DATA FOR PROCESSING:

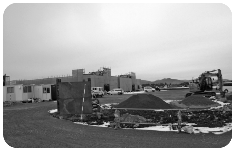
9月開業に向けて工事が進む道の駅「はなまき西南」

国から公共工事の平準化について、「公共工事の品質確保の促進に関する法律」に基づき通知が令和元年10月にあった。今後、設計等の準備が整った工事については、債務負担行為を活用することも考える。
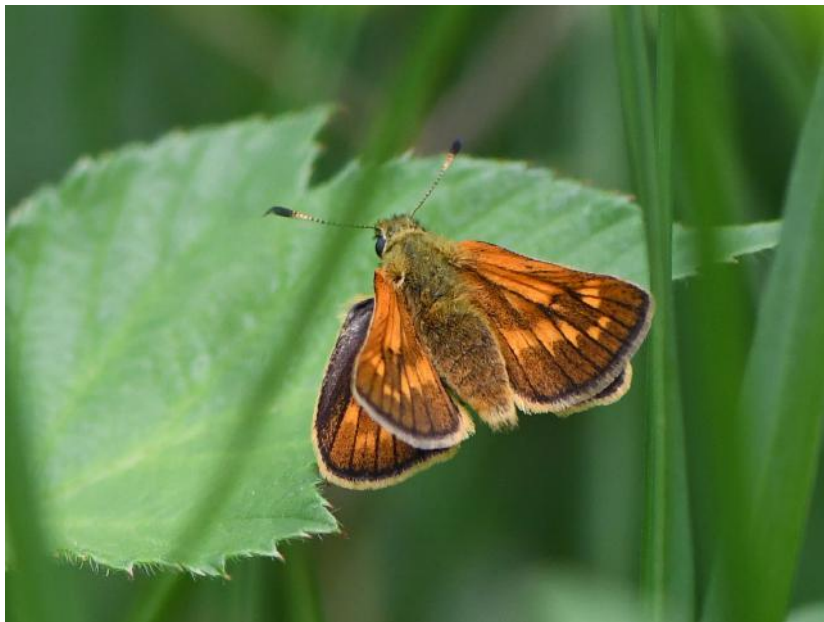
Groot dikkopje. Foto Jan
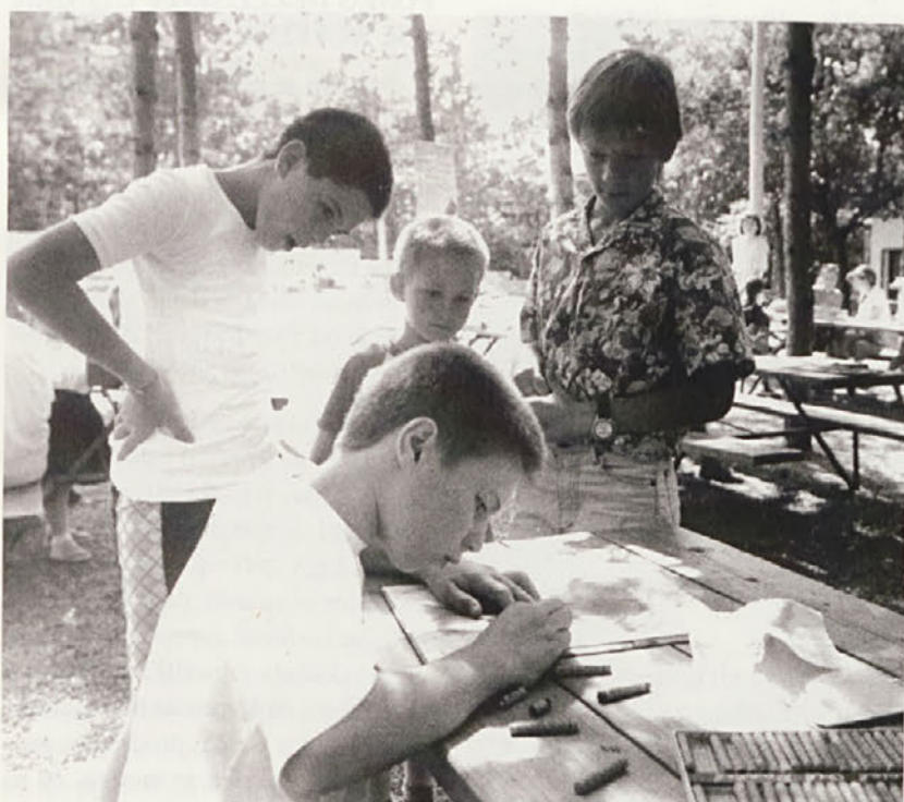
Vaška skupnost Praprotnje je 19., 20. in 21. junija priredila 19. šagro v Praprotnu. Na sliki: Otroški ex-tempore.
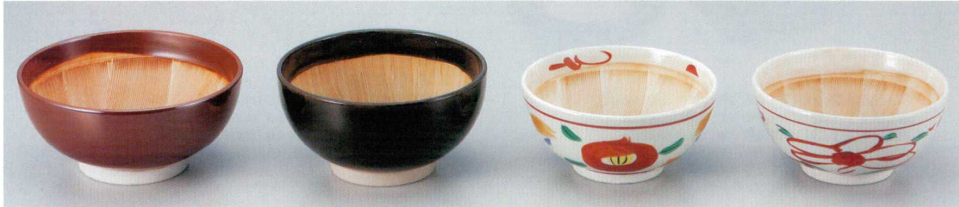
876-16-521 2,600円 0152876016 駄知7号新型すり鉢 (20.6×9.8cm) 876-17-521 1,700円 0152876017 駄知6号新型すり鉢 (18×9cm) 876-18-521 1,200円 0152876018 駄知5号新型すり鉢 (15.3×7.5cm) 876-19-311 3,550円 0131876019 織部丸6.0すり鉢 (19.5×10.5cm) 876-20-311 1,600円 0131876020 織部丸5.0すり鉢 (16×8cm) 876-21-311 800円 0131876021 織部丸4.0すり鉢 (12.5×6.5cm) 876-22-491 2,500円 0149876022 山茶花6.0スリ鉢 (18.5×9cm)25入 876-23-491 1,980円 0149876023 山茶花5.0スリ鉢 (15.3×7.5cm)30入 876-24-491 2,500円 0149876024 万暦6.0スリ鉢 (18×5.9cm)25入 876-25-491 1,980円 0149876025 万暦5.0スリ鉢 (15.5×7.7cm)30入
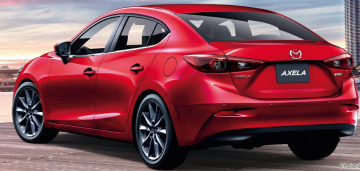
Photo:アクセラセダン 15XD L Package
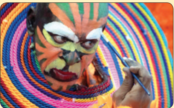
مردی از اهالی هائیتی خود را برای شرکت در جشنواره گردشگری گریم می کند، آلمان
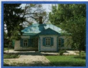
Таганрог. Дом, где родился А.П.Чехов

Сначала Чехов учился в греческой школе в Таганроге. Содержащий школу грек заставлял зазубривать уроки, бил учеников линейкой, ставил в угол на колени на крупную соль. В 8 лет, после двух лет учёбы, Чехов поступает в таганрогскую гимназию (ныне Гимназия № 2 им. А. П. Чехова). Мужская классическая гимназия была старейшим учебным заведением на юге России (основана в 1806 г.) и давала солидное по тем временам образование и воспитание.
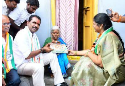
నాడు సంజోధం..నేడు సంక్షేమం...
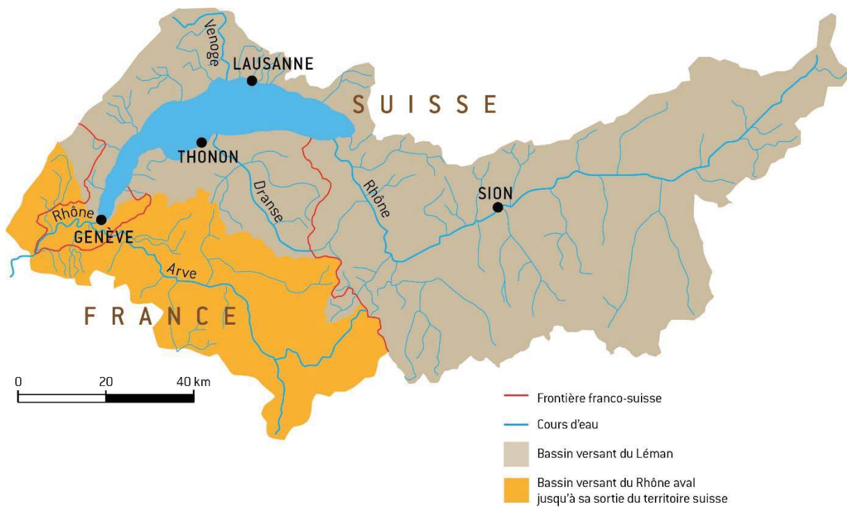
Figure 2 : Le bassin versant du Léman et du Rhône aval jusqu'à la frontière franco-suisse de Chancy
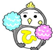
ハローワーク枚方 ひらべんさん
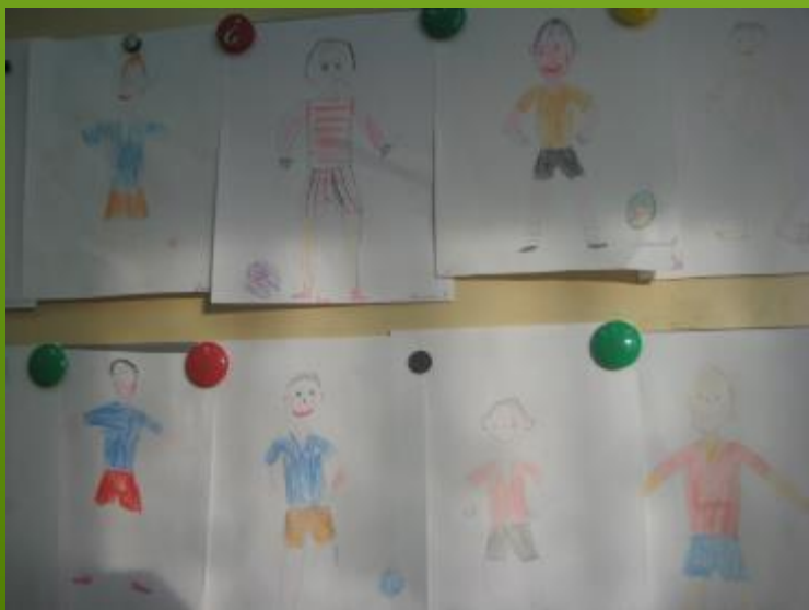
Рисование «Мы любим физкультуру»
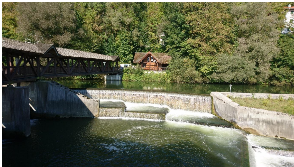
Abb. 9: Fehlende Durchgängigkeit bei Stauanlage Wolfratshausen bei Fkm 2,00
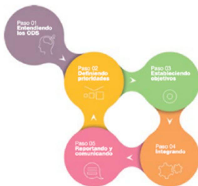
Figura 1: Metodología SDG Compass

El SDG Compass propone una metodología de 5 pasos para integrar los ODS a la estrategia de negocios (ver Figura 1).
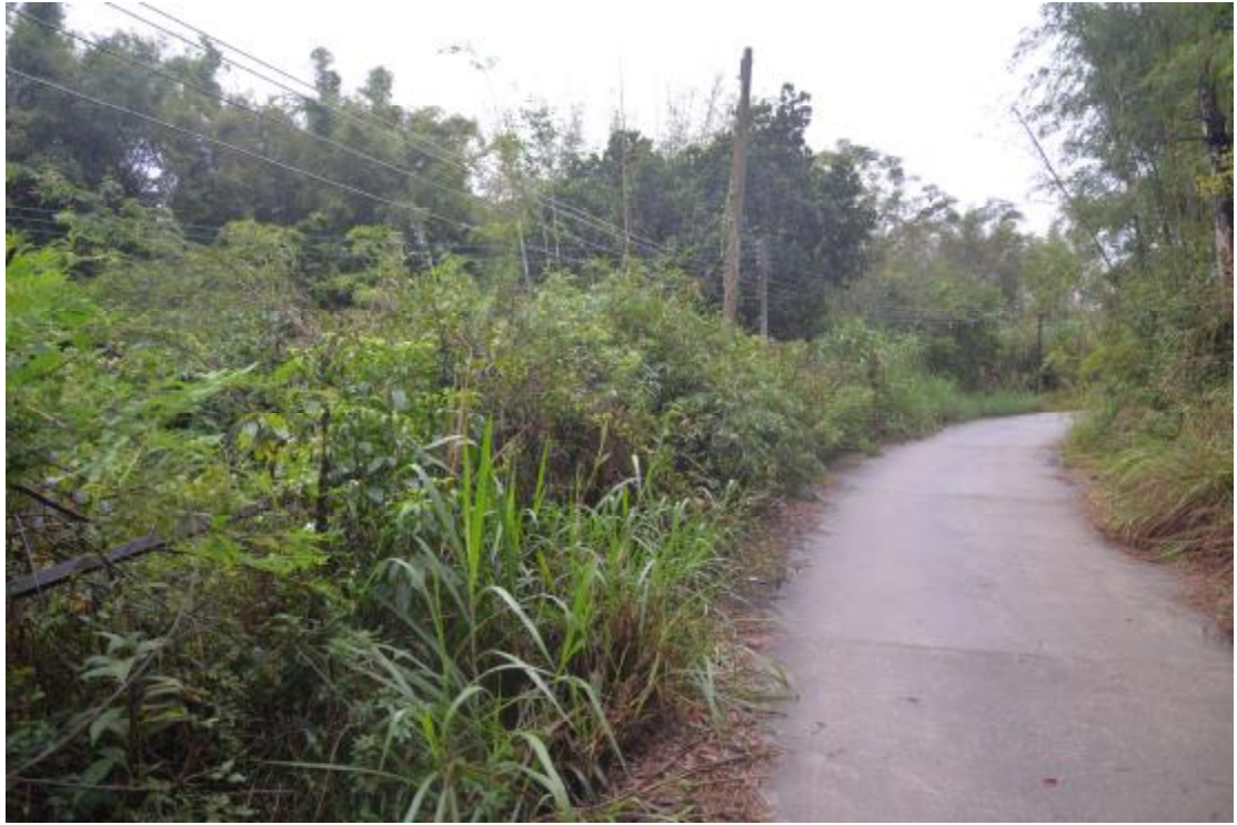
图 20 地表现状（东—西）
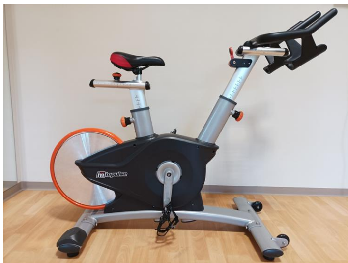
Slika 7. prikaz spinning bicikla

Rezultati tijekom spinning treninga dobiveni su pomoću Polar team sistema. Ispitanici su nosili na sebi pojas za mjerenje srčanih otkucaja tijekom cijelog treninga. Pojas mjeri vrijeme provedeno u zonama tijekom treninga i otkucaje srca u minuti tijekom cijelog treninga. Senzori unutar pojasa povezani su sa monitoringom te omogućavaju ispis podataka. Rezultati su se očitovali na tabletu tijekom treninga. U svakom trenutku treninga podaci su se mogli pratiti na tabletu iz sekunde u sekundu. Isti ti rezultati unešeni su u excel tablice.

TASK DETAILS: Starting at the first line of the records and stopping after the line with "Vaška skupnost Praprotnje", copy each line exactly; pictures stay out.

EXPECTED ANSWER:
9月開業に向けて工事が進む道の駅「はなまき西南」

国から公共工事の平準化について、「公共工事の品質確保の促進に関する法律」に基づき通知が令和元年10月にあった。今後、設計等の準備が整った工事については、債務負担行為を活用することも考える。
Groot dikkopje. Foto Jan
Vaška skupnost Praprotnje je 19., 20. in 21. junija priredila 19. šagro v Praprotnu. Na sliki: Otroški ex-tempore.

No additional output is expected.